# Task to carry out
Copy the records below exactly, starting at the line that contains "El propósito de" and ending at the line that contains "This Breitling Chronomat"; leave out any pictures.

# Recorded data
####

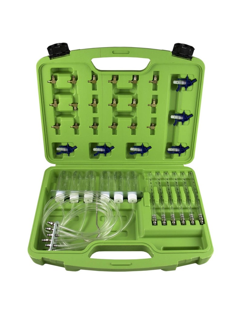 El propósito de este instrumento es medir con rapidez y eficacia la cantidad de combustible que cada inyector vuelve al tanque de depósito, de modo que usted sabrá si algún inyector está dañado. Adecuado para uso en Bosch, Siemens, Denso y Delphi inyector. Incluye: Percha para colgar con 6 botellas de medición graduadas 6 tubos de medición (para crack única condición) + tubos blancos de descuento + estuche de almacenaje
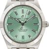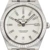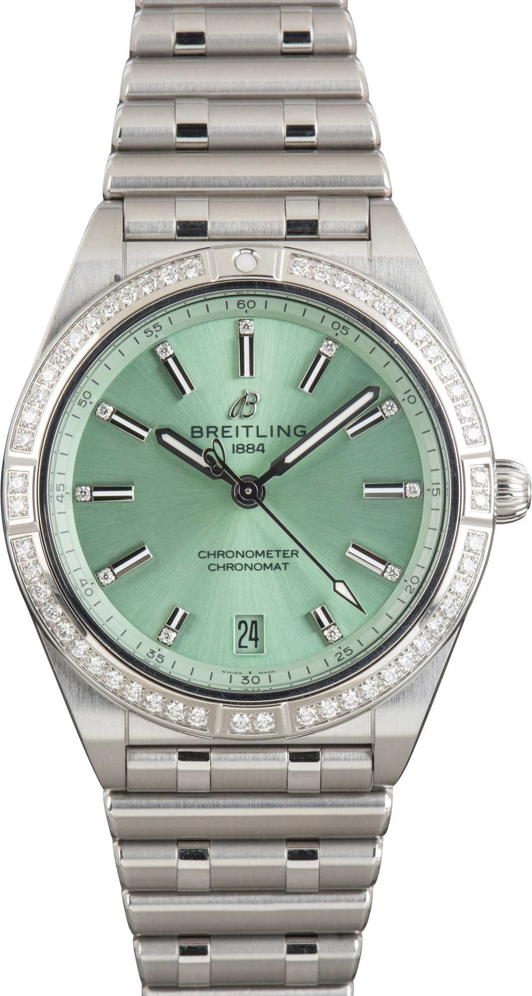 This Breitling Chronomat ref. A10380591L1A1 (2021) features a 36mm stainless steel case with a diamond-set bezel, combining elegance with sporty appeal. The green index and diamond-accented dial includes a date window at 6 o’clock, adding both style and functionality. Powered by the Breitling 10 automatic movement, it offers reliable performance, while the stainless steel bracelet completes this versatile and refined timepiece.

####

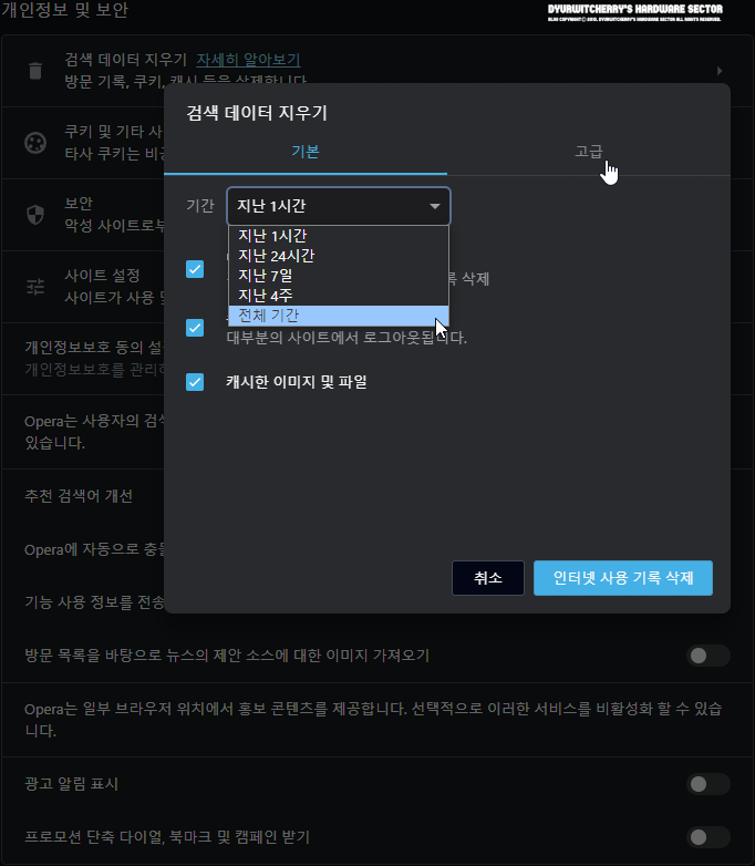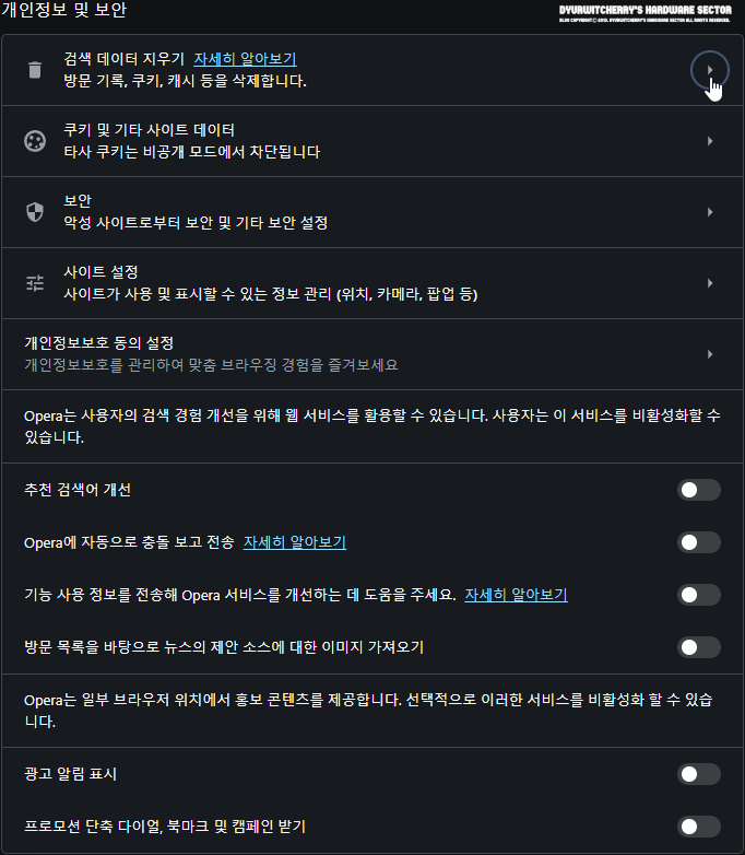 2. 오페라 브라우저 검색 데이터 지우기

####

# Result of the exercise
 El propósito de este instrumento es medir con rapidez y eficacia la cantidad de combustible que cada inyector vuelve al tanque de depósito, de modo que usted sabrá si algún inyector está dañado. Adecuado para uso en Bosch, Siemens, Denso y Delphi inyector. Incluye: Percha para colgar con 6 botellas de medición graduadas 6 tubos de medición (para crack única condición) + tubos blancos de descuento + estuche de almacenaje
 This Breitling Chronomat ref. A10380591L1A1 (2021) features a 36mm stainless steel case with a diamond-set bezel, combining elegance with sporty appeal. The green index and diamond-accented dial includes a date window at 6 o’clock, adding both style and functionality. Powered by the Breitling 10 automatic movement, it offers reliable performance, while the stainless steel bracelet completes this versatile and refined timepiece.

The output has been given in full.